10 Jahre HTA
Foto: Eike Dingler
10 Jahre HTA

10 Jahre HTA

07. & 08.12.2012

Symposium und 10 Jahre Hessische Theaterakademie

Am 4. Dezember 2012 jährte sich die Gründung der Hessischen Theaterakademie zum zehnten Mal. In diesen 10 Jahren hat sich die HTA als feste Größe in der hessischen Theaterlandschaft etabliert, hat den Kreis ihrer Partnerbühnen bis nach Baden-Württemberg und Rheinland-Pfalz ausgeweitet und bei der Gründung neuer Studiengänge wie „Theater- und Orchestermanagement“ und „Choreographie und Performance“ entscheidend mitgewirkt - Grund genug, das Jubiläum gemeinsam zu feiern!

Aus diesem Anlass wurde am 7. Dezember im vom Kulturfonds Frankfurt RheinMain großzügig unterstützten Symposium zum Thema "Künstlerisches Forschen?" gemeinsam mit Vertretern renommierter Theaterschulen aus dem In- und Ausland über die Zukunft der Theaterausbildung diskutiert. Am 8. Dezember überließen wir das Frankfurt LAB beim HTA-Tag nach der Eröffnung durch die Hessische Ministerin für Wissenschaft und Kunst, Eva Kühne-Hörmann, dann ganz den Studierenden aller HTA-Studiengänge und ihren Inszenierungen, Liedvorträgen, Choreographien, Installationen und Performances.
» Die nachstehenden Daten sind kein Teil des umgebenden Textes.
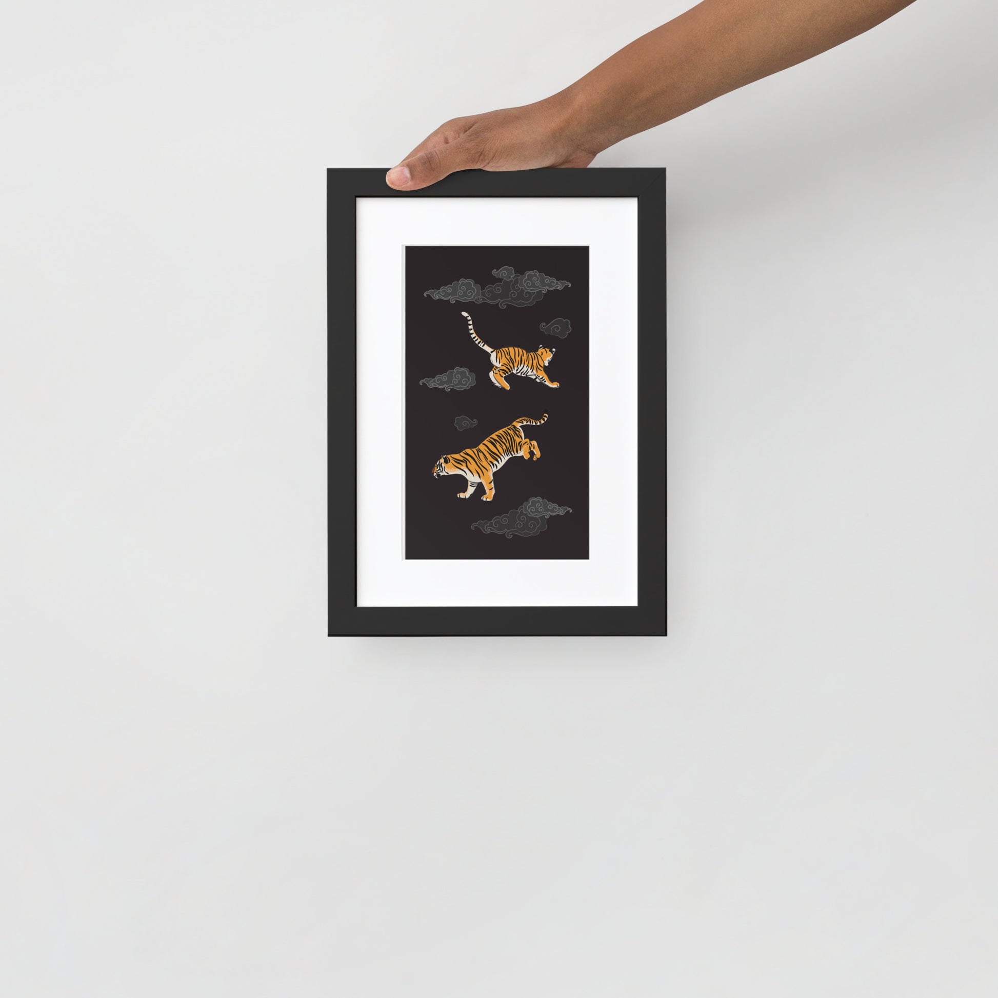 Panthera tigris is the largest wild cat in the world. These illustrations show them as they jump and play through auspicious clouds. Make any room look more sophisticated with this framed poster including a smooth, white mat board. It’s printed on a quality matte paper and framed with a semi-hardwood alder frame.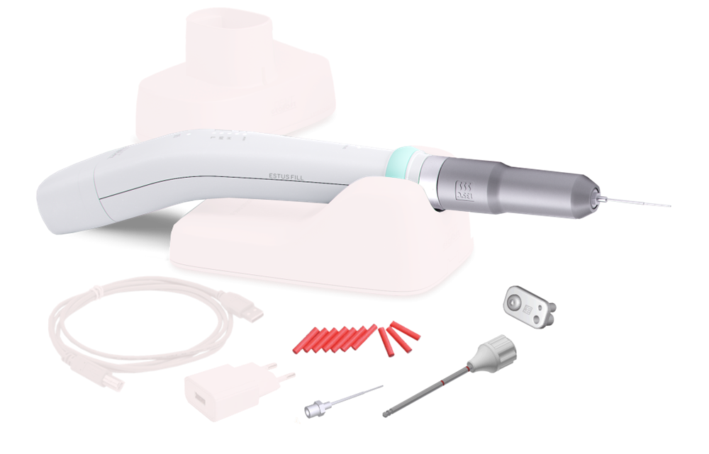 • Высококачественные расходные материалы: гуттаперчевые столбики и два типоразмера инжекторных игл (№23G и №25G)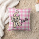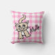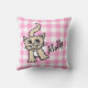 Un coussin modelé par style lumineux de guingan avec un chat mignon et votre coussin nommé dans le rose et le blanc. Un grand cadeau pour des amoureux de les chats.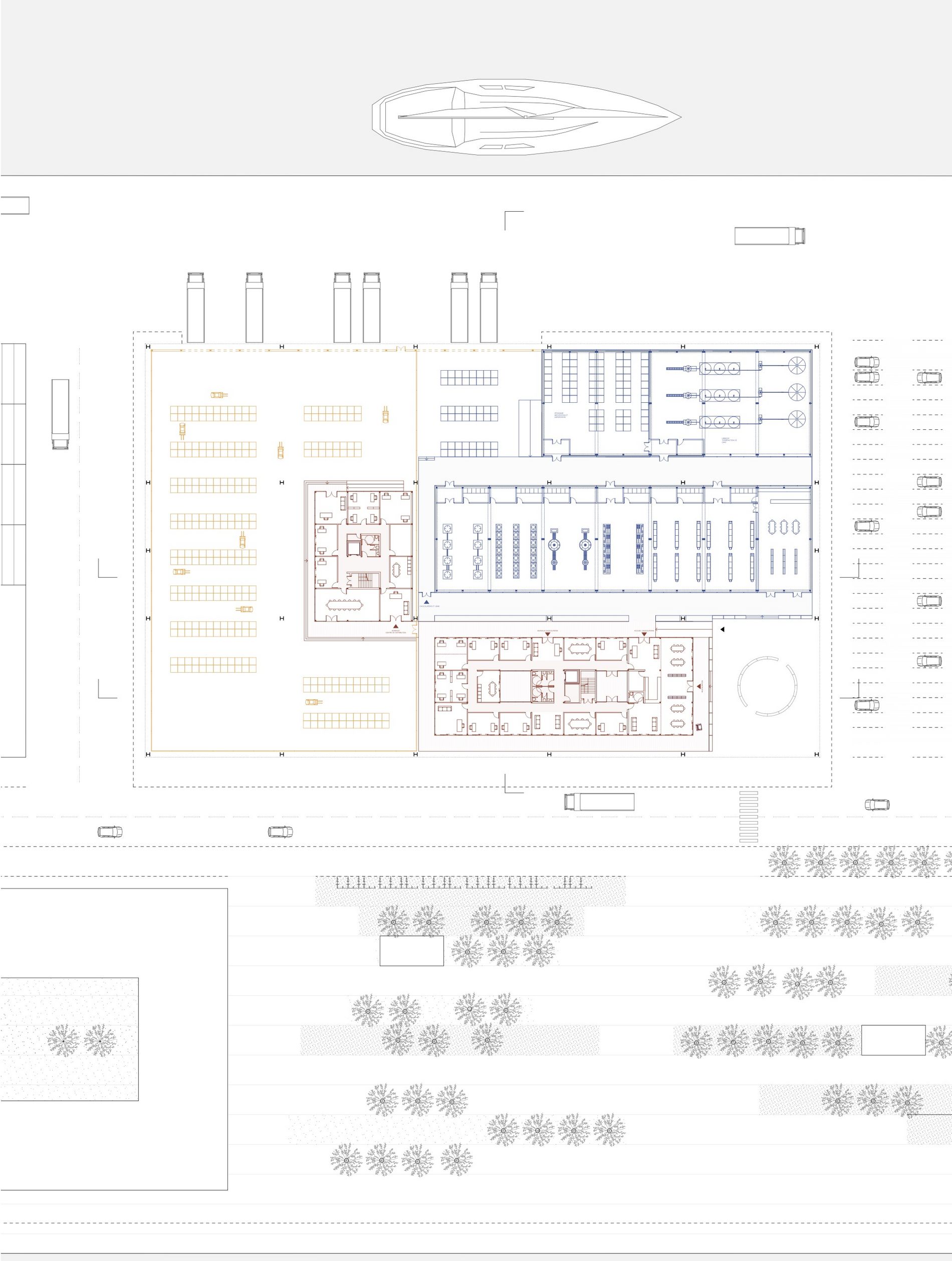 Le projet porte sur le Môle 2 à Dunkerque, plateforme industrielle stratégique, entre ville et port, mais aujourd’hui fragmentée et imperméabilisée. Alors que la programmation envisagée est surtout économique (bureaux, chocolaterie, torréfaction, hôtel d’activités), ce choix risque d’en limiter la vitalité. Le projet propose deux leviers : d’abord, repenser le sol comme infrastructure vivante et poreuse, grâce à un réseau hydraulique et végétal structurant des espaces publics différenciés et continus. Ensuite, introduire une mixité programmatique (logements temporaires, hôtel, commerces, services) pour compléter les activités productives et logistiques. Trois typologies bâties – bâtiment à cour, halle de formation, grande structure en sheds modulables accueillant production, bureaux et distribution – structurent le site. Cette stratégie vise à faire du Môle 2 un morceau de ville actif et habité, réconciliant ville productive et ville habitée.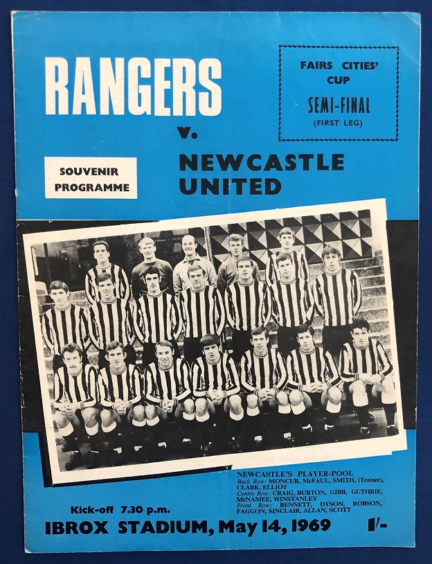 21st May 1969 – Newcastle United v Rangers Inter-Cities Fairs Cup Semi-Final (2nd leg) match played at St. James’ Park in front of 61,000. Rangers lost the match 2-0.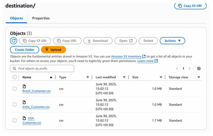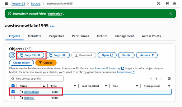Now create a folder named destination and copy S3 url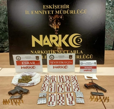 Zanlının üst aramasında ve evinde 204 sentetik hap, 42,88 gram esrar, 2,19 gram sentetik kannabinoid ve 2 tabanca ele geçirildi.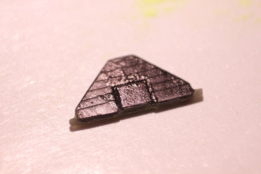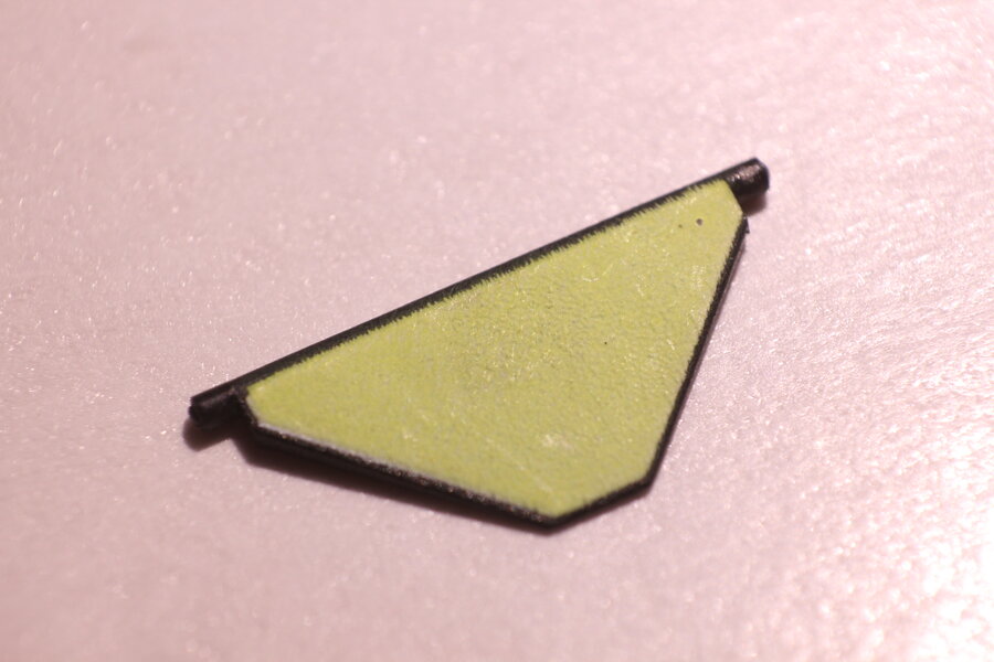 Darauf befestigt ist ein dreieckiges Plättchen mit schwarzer Rückseite und gefärbter Vorderseite. Diese klappe ist so befestigt, dass sie diagonal umklappen kann. Ein kleiner Magnet ist dazu darin eingelassen.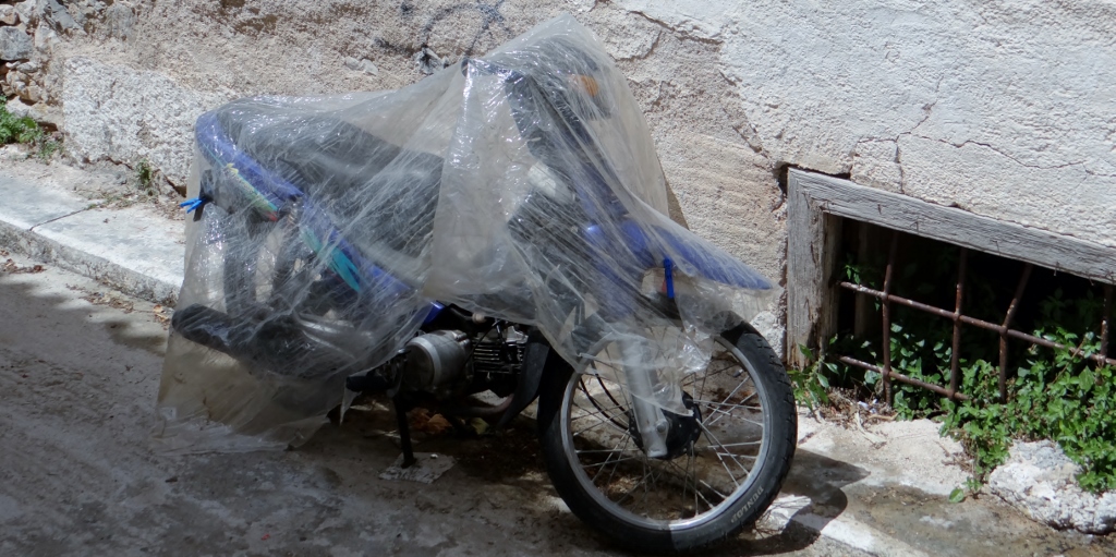 The time flew by and before we knew it we were at Argos – no not the catalogue store, but what claims to be the oldest inhabited town in Greece – meaning we’d missed our short-cut turning to Nafplio. It was easy enough to miss as there weren’t any signs for it, well none that I saw, but going on this slightly more roundabout route meant that we stuck to the main roads, always handy in a Dave-sized vehicle. As we turned south on the road to Nafplio we spotted an ‘AB’ supermarket. Several people had told us that these were reasonably priced local supermarkets and as the spuds we bought at a market a few weeks ago finally went mouldy and in the bin last night, we nipped in for supplies. Three supermarkets in as many days, it’s a wonder Dave actually moves!

Freitag, 07. Dezember 2012
Symposium „Künstlerisches Forschen? Vorträge und Tischgespräche über eine Ausbildung für ein Theater der Zukunft“
Eröffnungsvortrag von Marijke Hoogenboom (Amsterdam) und anschließende Tischgespräche

Samstag, 08. Dezember 2012
10 Jahre Hessische Theaterakademie
Eröffnungsrede der Hessischen Ministerin für Wissenschaft und Kunst: Eva Kühne-Hörmann, Jubiläumsfestival mit neuesten künstlerischen Arbeiten der Studierenden der Akademie,
Vorträgen, verschiedensten Vergnügungen und ab 21.30 Uhr Abschlussparty


Die Hessische Theaterakademie ist ein Netzwerk der Studiengänge Darstellende Kunst an der HfMDK Frankfurt am Main, Bühnen- und Kostümbild an der Hochschule für Gestaltung Offenbach, Dramaturgie an der J. W. Goethe-Universität in Frankfurt am Main sowie des Instituts für Angewandte Theaterwissenschaft an der Justus-Liebig-Universität in Gießen. Als ‚Akademie von unten’ basiert sie nicht nur auf der offenen und immer intensiveren Zusammenarbeit der Lehrenden und Intendanten, sondern vor allem auch auf den vielen spartenübergreifenden Initiativen der Studierenden.